*** Data section ***
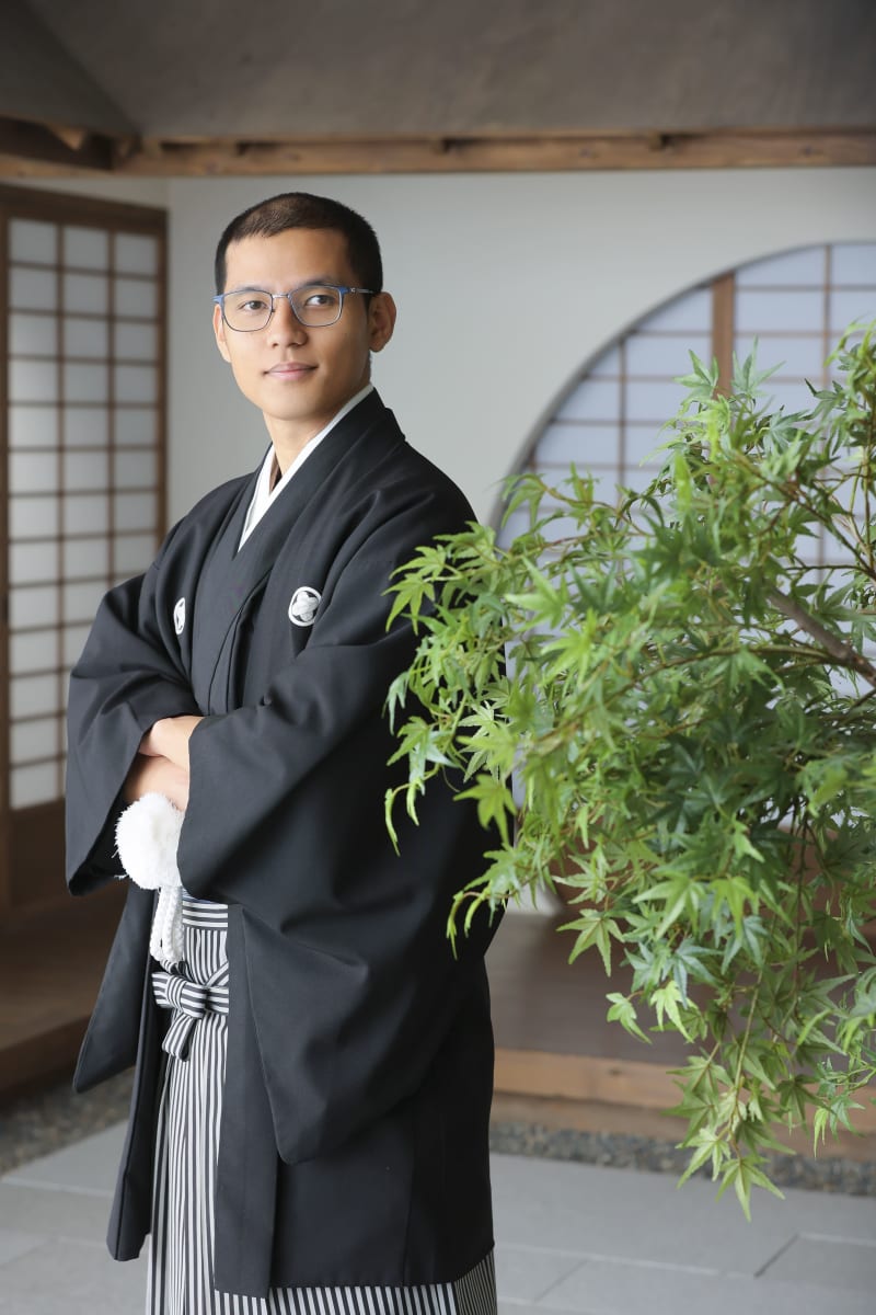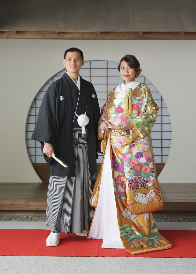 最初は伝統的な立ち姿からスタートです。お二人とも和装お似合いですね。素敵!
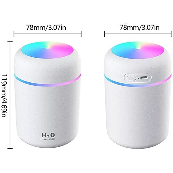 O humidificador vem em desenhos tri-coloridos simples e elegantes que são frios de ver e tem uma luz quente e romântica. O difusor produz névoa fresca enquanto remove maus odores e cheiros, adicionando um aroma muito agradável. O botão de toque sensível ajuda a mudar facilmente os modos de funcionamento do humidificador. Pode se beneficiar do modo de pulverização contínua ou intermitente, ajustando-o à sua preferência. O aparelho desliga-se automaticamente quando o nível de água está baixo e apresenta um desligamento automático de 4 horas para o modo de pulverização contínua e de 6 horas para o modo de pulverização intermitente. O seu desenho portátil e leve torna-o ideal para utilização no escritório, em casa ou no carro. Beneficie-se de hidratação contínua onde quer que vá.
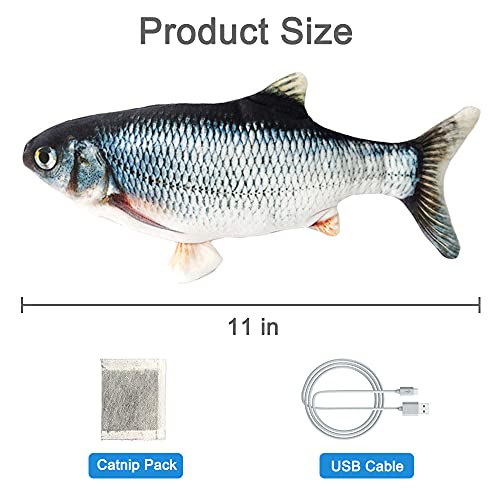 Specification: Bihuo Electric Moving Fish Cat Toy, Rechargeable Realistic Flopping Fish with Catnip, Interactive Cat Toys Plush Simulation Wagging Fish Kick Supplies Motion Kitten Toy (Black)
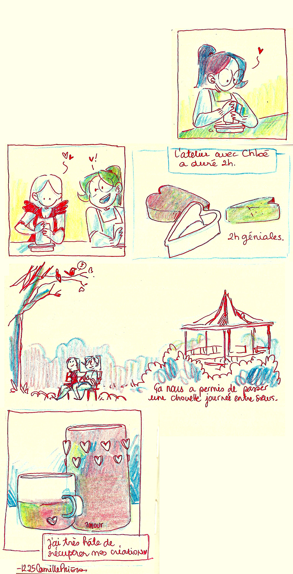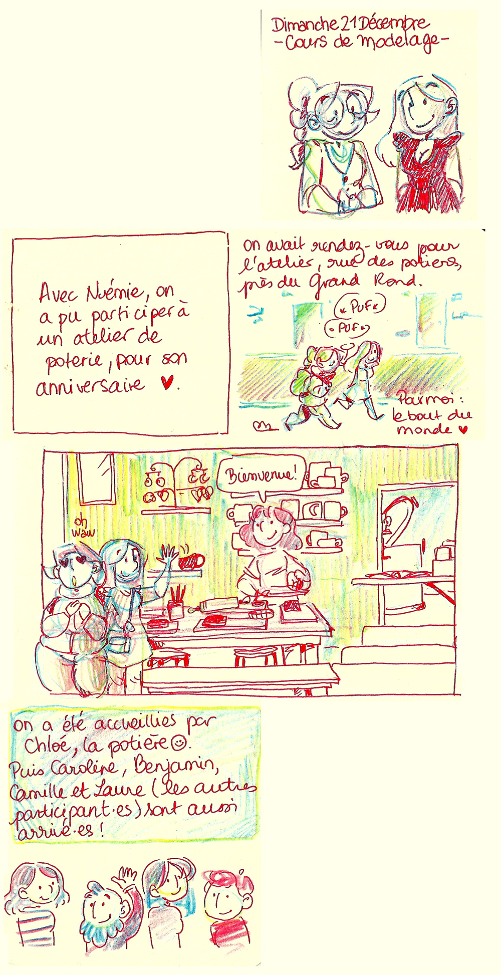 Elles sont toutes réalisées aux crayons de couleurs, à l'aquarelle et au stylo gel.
***
» **Work instruction**
Reprint the listing above verbatim but drop the images.

» **Result of this exercise**
 最初は伝統的な立ち姿からスタートです。お二人とも和装お似合いですね。素敵!
 O humidificador vem em desenhos tri-coloridos simples e elegantes que são frios de ver e tem uma luz quente e romântica. O difusor produz névoa fresca enquanto remove maus odores e cheiros, adicionando um aroma muito agradável. O botão de toque sensível ajuda a mudar facilmente os modos de funcionamento do humidificador. Pode se beneficiar do modo de pulverização contínua ou intermitente, ajustando-o à sua preferência. O aparelho desliga-se automaticamente quando o nível de água está baixo e apresenta um desligamento automático de 4 horas para o modo de pulverização contínua e de 6 horas para o modo de pulverização intermitente. O seu desenho portátil e leve torna-o ideal para utilização no escritório, em casa ou no carro. Beneficie-se de hidratação contínua onde quer que vá.
 Specification: Bihuo Electric Moving Fish Cat Toy, Rechargeable Realistic Flopping Fish with Catnip, Interactive Cat Toys Plush Simulation Wagging Fish Kick Supplies Motion Kitten Toy (Black)
 Elles sont toutes réalisées aux crayons de couleurs, à l'aquarelle et au stylo gel.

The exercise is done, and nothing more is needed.